Anyways I’m pleased to announce that we’ve morphed from being the nagging overbearing mother-and-daughter to actually having a relationship. We talk about absolutely everything minus some awkward issues LOL. From Linda ikeji’s blog to Twitter to dreams, spirituality, social media and whatnot. It’s been tremendously amazing! And it’s all just within a year. There was time to actually bond and respect each other’s views. She has finally ”let me be”. I can wear makeup in peace[it was such a hassle]. I can play dress up and organize her closet. I can even go shoe shopping on her behalf because she trusts my decision.She supports me 110% and makes up for my dad’s inadequacies. She has never tried to impose any career and whatnot down my throat or anything and I simply feel blessed. I honestly can’t wait to start spoiling her silly.

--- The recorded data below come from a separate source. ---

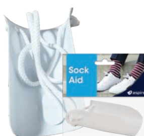
Stocking / Sock Aid DLD269275
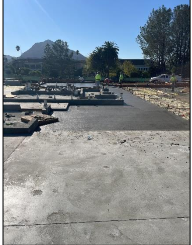
Perimter Wall Curb (East Side) Slab On Grade (East Side)
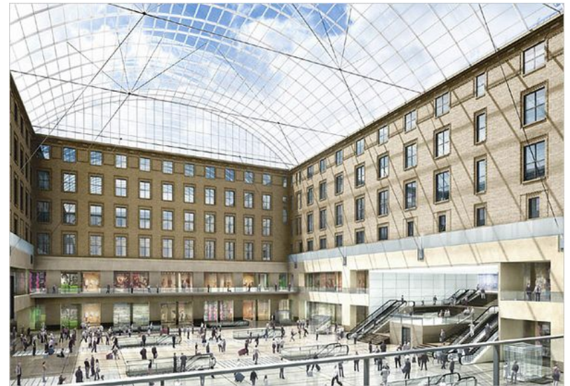
Rendering of Moynihan Station (TIGER)
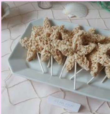
RICE KRISPIES STARFISH
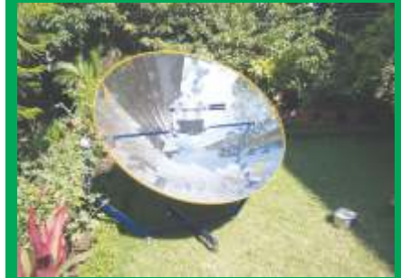
SOLAR PARABOLIC COOKER SK-14
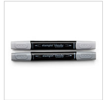
Smoky Slate Stampin' Blends Markers Combo Pack
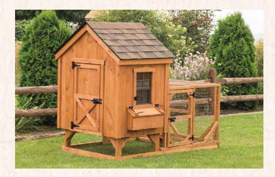
3 x 4 Combination (with 4 x 8 run ) Model C34R

Shown with rustic cedar stain and autumn brown shingles 6–8 Chickens
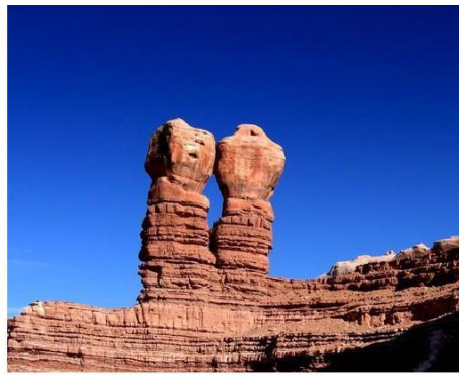
The Navajo Twins formation with great relationship chi in southern Utah

Let no one say the past is dead, the past is all about us and within." Oodgeroo of the tribe Noonuccal
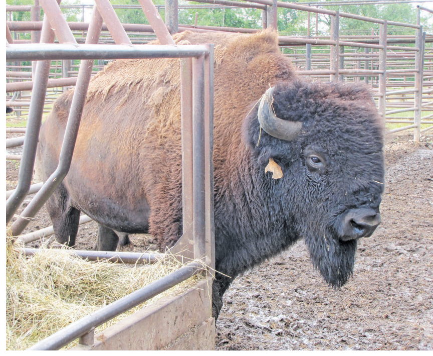
Above: At Red Run Bison Farm.
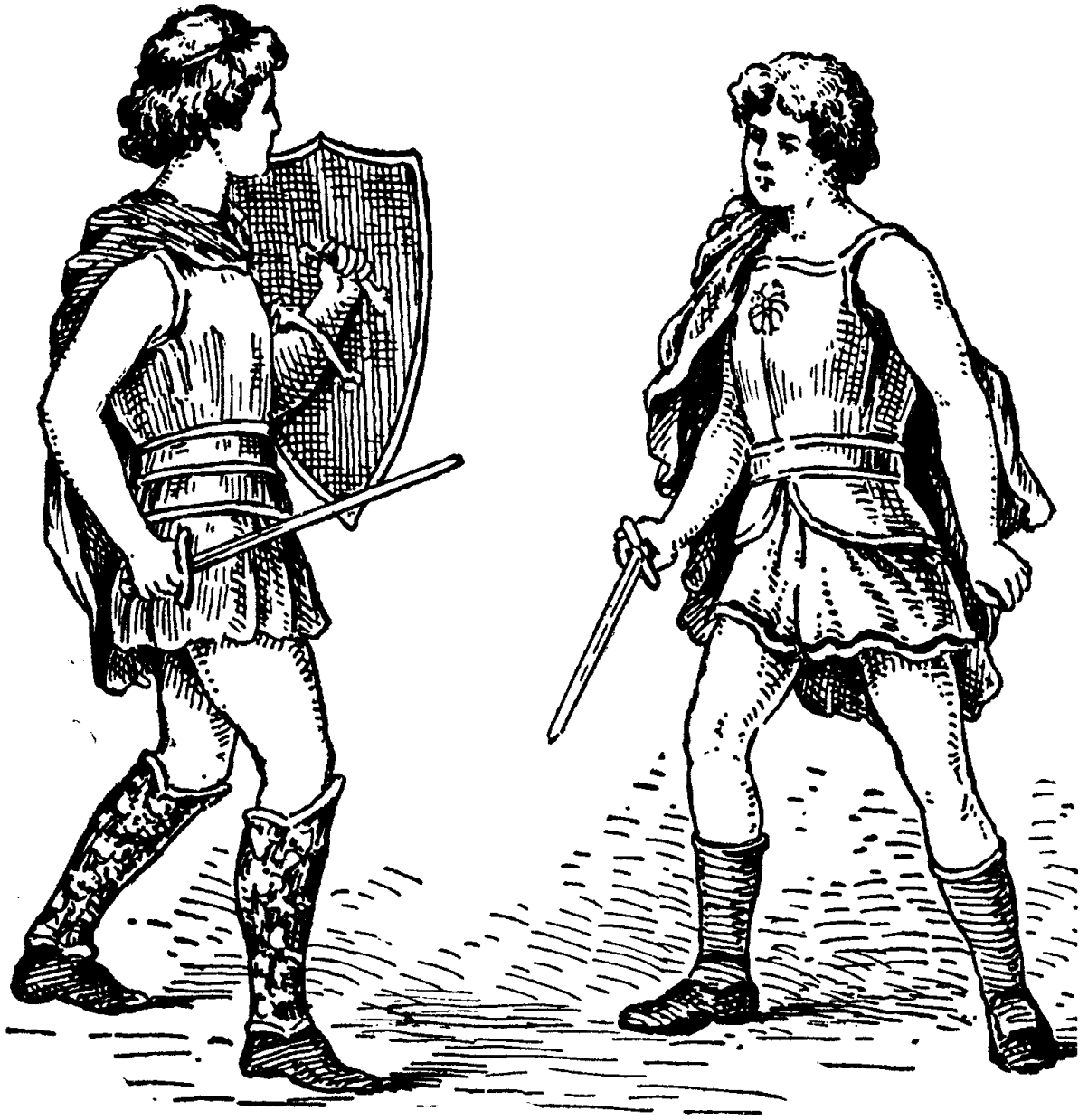
PERICLES WINS IN THE TOURNAMENT.

And so for an absolute stranger to pass that kind of comment, I was thrilled. I felt like we’ve actually made an effort you know. And that feels great! I pray God continues to strengthen our bond because more than ever before, I need it!

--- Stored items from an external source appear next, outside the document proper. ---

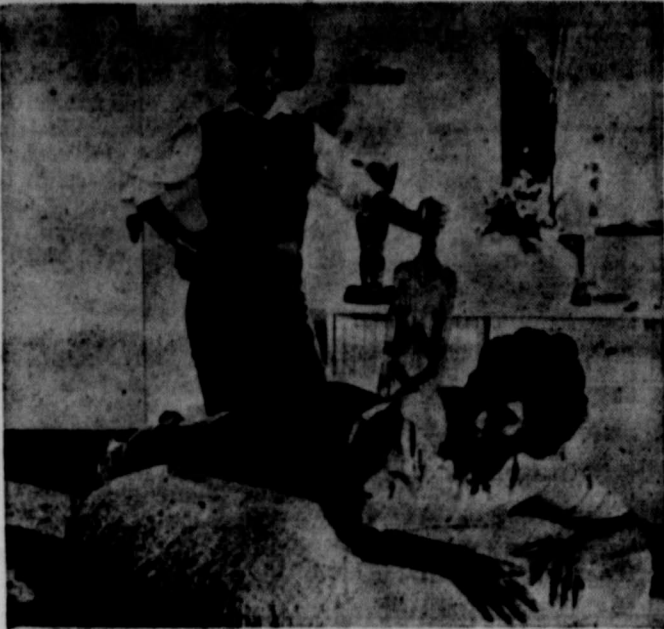
Lovely Susan Cabot is about to take the good ole paddle to one of the pledges in the shock by shock confession of a SORORITY GIRL . This American-International picture can now be seen with MOTORCYCLE GANG on the same bill.

These pictures will be shown at the Horseshoe Drive-In Theatre Friday and Saturday.
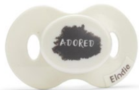
Tidemark Drops 30100154860NA
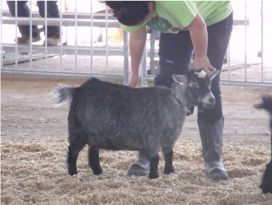
Figure 7. A Pygmy goat in the show ring.

Originally from West Africa, this hardy breed is typically kept as a pet but can be used for milk production.
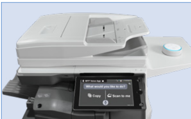
MX-M4071 shown with available Sharp MFP Voice feature with Alexa.
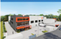
Site 2 5.000m 2
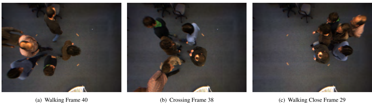
(a) Walking Frame 40
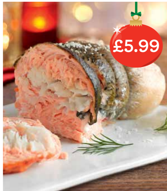
Three Fish Roast , cod and smoked haddock fillet wrapped in salmon fillet with lemon and parsley butter, £5.99 , 550g (£1.09/100g)

Hand-crafted in store by our expert fishmongers
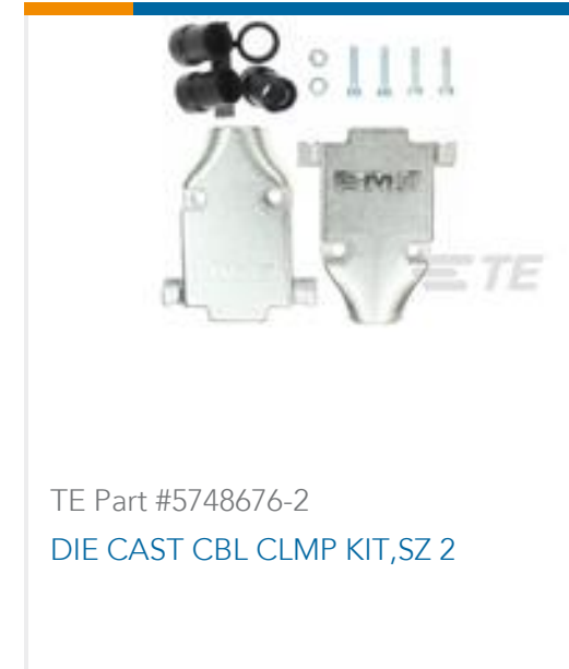
TE Part #5748676-2 DIE CAST CBL CLMP KIT,SZ 2
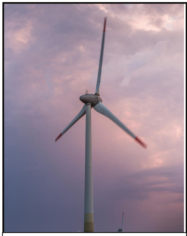
We all want the wind farm to progress, but we need an alternative cable route

You can be assured I will fight against the current proposals and push for our preferred route to bring ashore this important green energy.
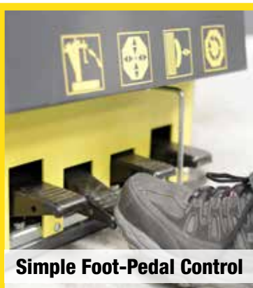
Simple Foot-Pedal Control

Industrial-grade, 45-micron pneumatic control valves feature die cast and machined bodies constructed from zinc and aluminum. High-performance polyurethane seals and self-lubricating, Teflon® piston guides provide increased service life and performance at the highest level possible within almost every imaginable working condition. Valve plungers feature muffled extrication ports that direct any dirt or contamination accumulated on the outside perimeter of the spool to be automatically blown away each time the valve goes into the release position.

I love you mum to the moon and back.
Always and Forever
So today was one of those days. Started pretty bad and ended quite well. It got bearable towards the end. My boss confronted me this morning over an issue. Over the last couple of days[weeks] now, she’s been ignoring me. Literally. I guess she couldn’t bear it any longer so she opened up. After the whole castigation; took like 10mins, before I could say Jack Robinson, I didn’t know when I burst into tears. Yup! Literally. [Been a long while I cried tho]. I wasn’t crying because she was reprimanding me or anything, I didn’t realise she could bottle up so much and didn’t make an effort to bring my flaws to my notice which of course was the bone of contention. I’d had probably annoyed her or done something unpleasant unknowingly and she couldn’t correct me right there and there. She had to store everything up! Instead of trying to defend myself [which I always do], the first reaction was tears. How weird! Anger was nowhere to be found. Conceit was AWOL. I was shattered. And then, I guess my tears moved her, she couldn’t believe it. She consoled and later prayed for me.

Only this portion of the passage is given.